Although proper training is the most important factor in preventing workplace accidents, operators should also be aware of some of the top mistakes that lead to forklift accidents:

– Not being aware of load capacity – Carrying loads that are too heavy will make the vehicle unstable. The load capacity will be displayed clearly on the forklift so be sure to check this before starting work.

– Failing to plan your route – Forklifts often operate in congested areas and you need to be familiar with your driving path and look in advance for any obstacles that may be along your route.

– Operating with an unsecured load – You should always assess the stability of the load you’re carrying to make sure it doesn’t present any risks to you or other people and equipment.

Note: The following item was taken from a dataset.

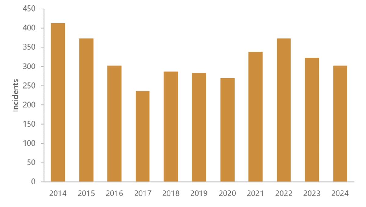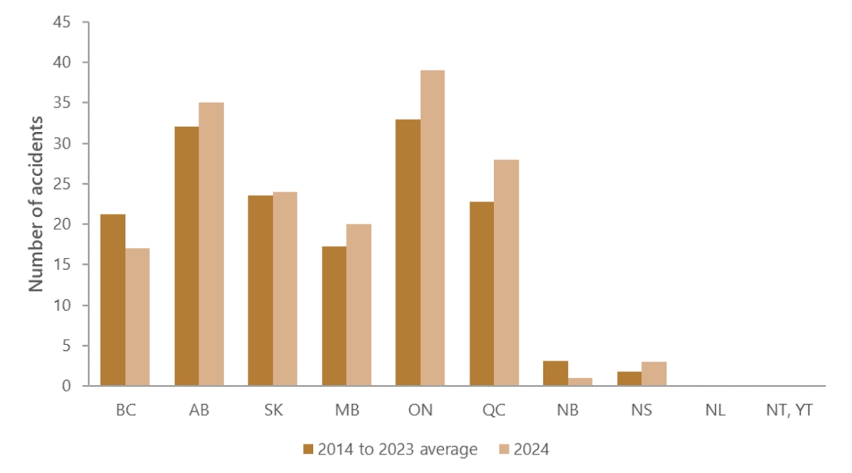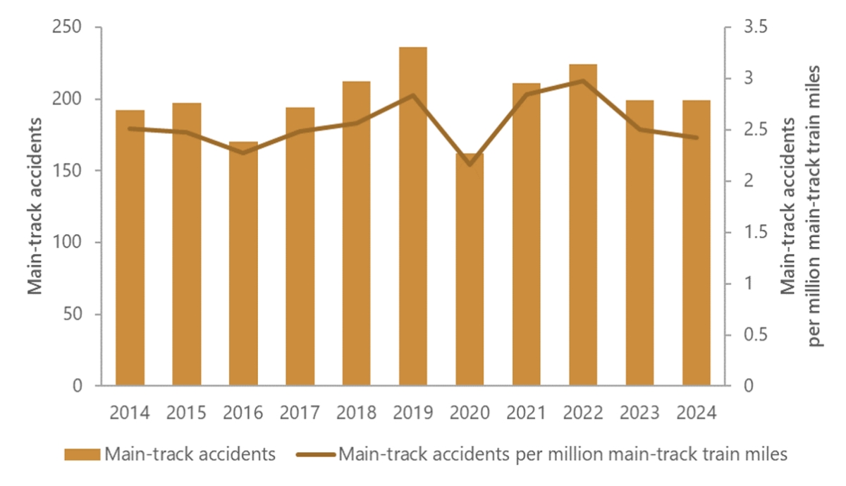 The number of main-track accidentsAccidents that occur on the main track or spurs (not including crossing accidents, trespasser accidents, and non-main-track collisions and derailments) are combined in order to match the figures used in the activity data, which is the total of main-track and spur (i.e., non-yard) million train miles. totalled 199 in 2024 (Figure 5 and Table 1), unchanged from 2023 and approximately equal to the 10-year average of 200. Rail activityTransport Canada, Rail Safety Directorate (email dated 25 March 2025). on main track (i.e., non-yard activity) increased by 3% from the previous year. The main-track accident rate in 2024 was 2.4 accidents per million main-track train miles, down from 2.5 in 2023 and below the 10-year average of 2.6.

Take extra time to secure odd shaped loads and, if your load is extra wide, make sure to check that you have a wide enough path to navigate it through.

– Lack of communication – Forklifts operate in busy environments and to keep everyone safe, it’s important to let others know what you’re doing and where you plan to go. If you see someone else moving a load that may interfere with your work, be sure to take the time to stop and ask them how you can coordinate to work safely.

– Entering and exiting the forklift – Slips and falls are the most common workplace injury and these can happen when entering or exiting the forklift. Be sure to wear non-slip footwear before and while operating the forklift.

– Check your battery and fluid levels – You need to make sure your forklift is in proper working order in order to complete your job. Check that your battery is charged and that your levels of hydraulic fluid are adequate.

– Using a forklift that hasn’t been inspected – Forklifts should be inspected daily to ensure they’re in good working order.

– Driving too fast – Moving at a speed too fast for your vehicle or environment is a common cause of accidents. Pay attention to any speed limits or speed bumps, and whether your forklift’s speed is limited mechanically.

Operating a forklift safely starts with OHSA approved training that uses a combination of theory and practical hands-on training. However, safely operating a forklift requires that you’re always vigilant when operating the vehicle and pay close attention to detect any changes in the condition of your vehicle and the environment.